Jumat, 11 Juli 2014

keresahan mendalam demokrasi INDONESIAku



Senang rasanya bisa memasukkan kembali tulisanku di tempat ini setelah beberapa bulan disibukkan oleh beberapa tugas akademik  dan beberapa tanggung jawab yang mesti di laksanakan guna lebih mendewasakan diri baik dalam jasmani, rohani maupun biologi. Sebelum lebih lanjut, saya mau ucapkan selamat buat Negara INDONESIA atas selesainya pesta 5 tahunan kita yang biasa kita sebut sebagai PESTA DEMOKRASI atau yang lebih umumnya mungkin  PILKADA dan PILPRES. Berbicara mengenai PILPRES di negara kita ini, tidak lepas pula kita berbicara mengenai kampanye hitam, negatif kampanye yang dikeluarkan oleh kedua calon/tim suksesnya yang seakan-akan tidak pernah habis kita saksikan di berbagai media pada saat ini, bahkan telah sampai dikalangan anak-anak kecil juga membicarakannya, contohnya saja pada suatu malam saya menyaksikan beberapa bocah(usianya mungkin masih berkisar 9-12 tahun) berdiskusi semi-semi politik yang mungkin bahkan arti dari setiap kata yang mereka ucapkan belum terlalu mereka pahami, sekilas saya mendengarkan mereka saling beradu pendapat seperti berikut:
            anak 1: jelle’ itu prabowo pale’ di.... sering culik aktipis mahasiswa dulu
Anak 2: mana ada.... balle-balle ji itu, daripada megawati sama jokowi, suda jual telpon indosat gare’
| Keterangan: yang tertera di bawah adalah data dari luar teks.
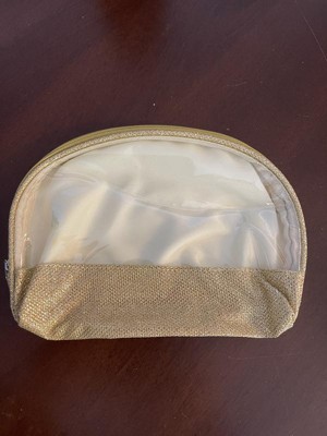 - Includes a gold shimmery cosmetic bag with zipper

        (menggunakan logat kota parepare, sulawesi selatan)
Cukup sekilas saya mendengarkan perbincangan kedua anak itu, berhubungan karena ada sesuatu dan lain hal yang membuat saya pergi meninggalkan tempat itu. Dari perbincangan diatas apa yang kita dapat kita petik.?? Setelah saya sampai dikamar dan mengingat-ingat kembali percakapan anak-anak tersebut, tiba-tiba otak ini seakan-akan terketuk oleh palu-palu seberat 50kg dan membuat saya mulai mengandai-andai dan bertanya-tanya APAKAH ADA DAMPAK NEGATIF YANG BERKELANJUTAN DARI DEMOKRASI KITA.? APAKAH COLON PEMIMPIN NEGARA KITA SEKEJI DAN SEKOTOR ITU DIMATA MASYARAKAT.?
SUDAH TIDAK ADAKAH ORANG-ORANG YANG DENGAN TULUS INGIN MENJADI SEORANG PEMIMPIN DI NEGARA INI.?
              kencangnnya arus perpolitikan di negara kita sehingga kita lupa apakah kata-kata yang kita ucapkan sudah memenuhi etika atau moral yang berlaku di negara ini, jangan sampai apa yang kita ucapkan didengar oleh orang-orang yang tidak semestinya mendengarkannnya seperti anak-anak kecil tadi.
bayangkan berapa juta orang termasuk anak-anak di INDONESIA yang  terhasut  rasa benci terhadap salah satu calon pemimpin negara kita ini. Apakah mereka sipembuat kampanye hitam dan kampanye negatif ini tidak pernah berfikir bahwa rasa benci yang mereka tanamkan di kepala manusia-manusia INDONESIA akan melekat terus dikepala mereka meskipun salah satu kandidat tersebut sudah jadi pemimpin di negara kita.??? Bayangkan saja jika si mas JO atau bung PRA menjadi Pemimpin Negara ini, tetapi sebagian masyarakat di negara kita ingin mengadakan kudeta dikarenakan rasa kebencian yang amat dalam yang telah dibuat oleh beberapa oknum.
           
             Apakah ini salah satu bunga dari DEMOKRASI kita.??
            ataukah beberapa dari masyarakat kita yang belum siap menemrima DEMOKRASI.??
            dan ataukah mungkin kita tidak mesti mempersoalkan hal-hal seperti ini.??